Ce matin-là, le vent s’est levé sur l’île d’Olkhon et c’est transis de froid que nous arrivons aux abords de l’église. Sergeï est déjà là pour nous accueillir. Sous sa barbe noire, il ne se départit pas de son sourire. Les cloches, au nombre de six, sont situées juste à l’extérieur de l’église et retenues par trois poteaux en bois. Bientôt, Sergeï s’empare des cordes et le tintement métallique retentit. Du haut de la colline, le son descend vers le village et résonne dans les allées poussiéreuses. Les notes s’élèvent et s’emmêlent pour se perdre sur l’étendue d’eau. Derrière nous, les fidèles se rejoignent dans la paroisse.

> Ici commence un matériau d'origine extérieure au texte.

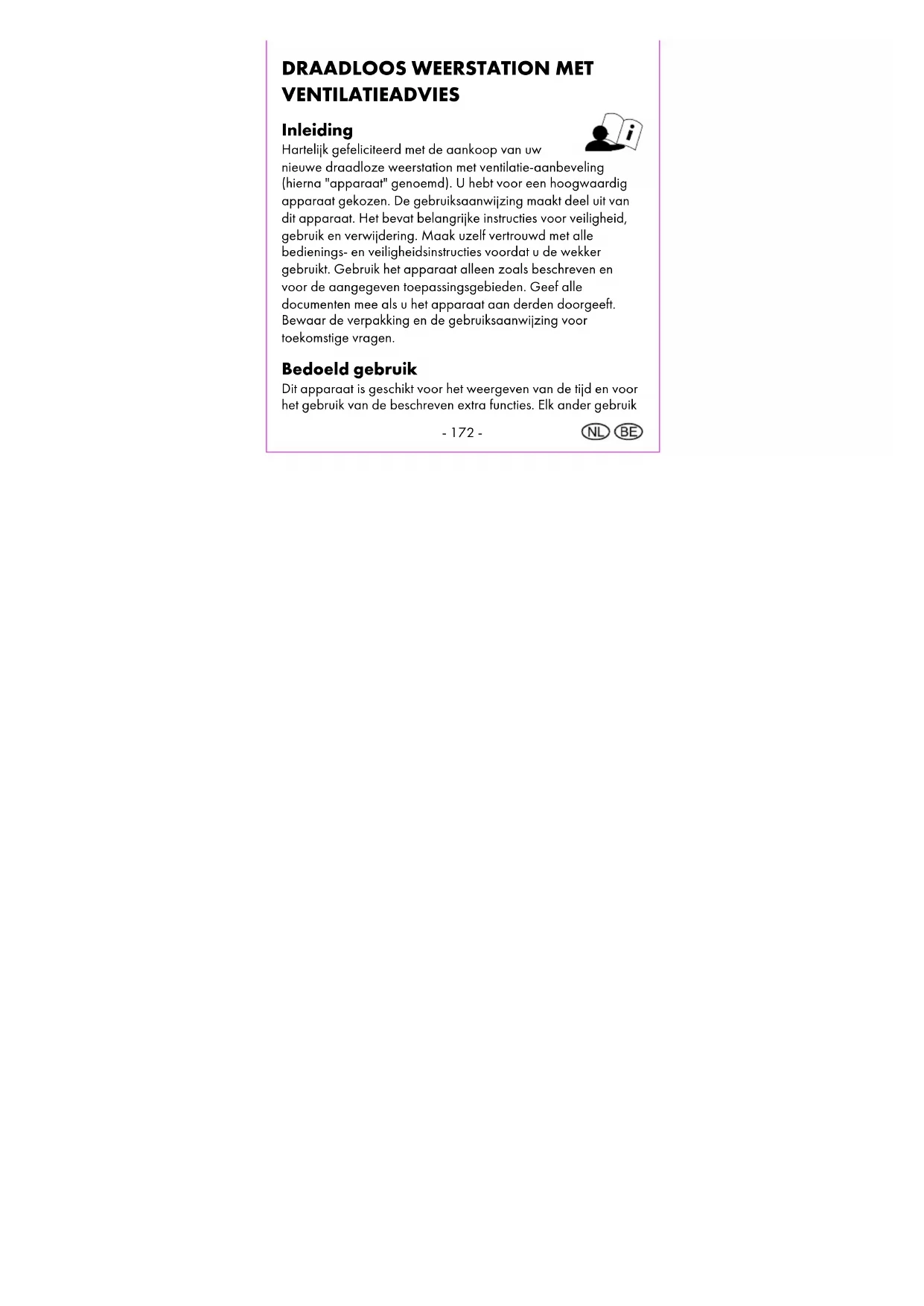 VENTILATIEADVIES Inleiding Hartelijk gefeliciteerd met de aankoop van uw nieuwe draadloze weerstation met ventilatie-aanbeveling (hierna "apparaat" genoemd). U hebt voor een hoogwaardig apparaat gekozen. De gebruiksaanwijzing maakt deel uit van dit apparaat. Het bevat belangrijke instructies voor veiligheid, gebruik en verwijdering. Maak uzelf vertrouwd met alle bedienings- en veiligheidsinstructies voordat u de wekker gebruikt. Gebruik het apparaat alleen zoals beschreven en voor de aangegeven toepassingsgebieden. Geef alle documenten mee als u het apparaat aan derden doorgeeft. Bewaar de verpakking en de gebruiksaanwijzing voor toekomstige vragen. Bedoeld gebruik Dit apparaat is geschikt voor het weergeven van de tijd en voor het gebruik van de beschreven extra functies. Elk ander gebruik- 173 - of wijziging van het apparaat geldt als oneigenlijk. De fabrikant is niet aansprakelijk voor schade veroorzaakt door onbeoogd of onjuist gebruik. Het apparaat is niet bedoeld voor commercieel gebruik. Inhoud van de verpakking Opmerking: Controleer na aankoop of de levering compleet is. Zorg ervoor dat alle onderdelen aanwezig en niet defect zijn. Gebruik het apparaat niet als de levering niet compleet is en/of onderdelen beschadigd zijn. Neem contact op met de serviceafdeling (zie 'Procedure bij een garantiegeval').

Quelques minutes plus tard commence l’office. Le chœur s’emplit rapidement de la ferveur des croyants et tous joignent leur voix à celle du prêtre. Nous nous éclipsons après un moment pour laisser la place aux pratiquants. L’église est très petite et ne peut pas accueillir plus d’une douzaine de personnes. Comme tous les lieux de culte orthodoxes, elle possède une iconostase derrière laquelle se tient le prêtre et qui est décorée d’icônes. D’autres ont aussi été rassemblées sur des étagères. L’Eglise orthodoxe russe fait en effet la part belle aux icônes, qui sont à la fois des représentations des saints et des objets de vénération. Après la chute de Constantinople en 1453, la Russie est devenue le principal foyer de production de peintures d’icônes dans le monde orthodoxe. Très croyant, Sergei nous a par ailleurs offert une carte représentant la mère de Dieu souveraine, Derjavnaïa, enroulée dans son châle rouge. L’église de Khoujir lui est dédiée et, d’après Sergeï, elle protège l’île.

C’est sa foi qui l’a conduit jusqu’ici. Il a su apprivoiser la terre aride de l’île enserrée par le lac pour en faire son foyer. Pendant une semaine, nous avons eu la chance de partager son quotidien et de profiter du calme d’Olkhon. Nous restons néanmoins curieux de la vie au milieu du Baïkal gelé en hiver. « C’est un miracle » répond Sergei. « Se lever et découvrir une étendue de glace à ses pieds, c’est un vrai miracle » ajoute-il.

Un jour, nous reviendrons voir ce spectacle de nos propres yeux.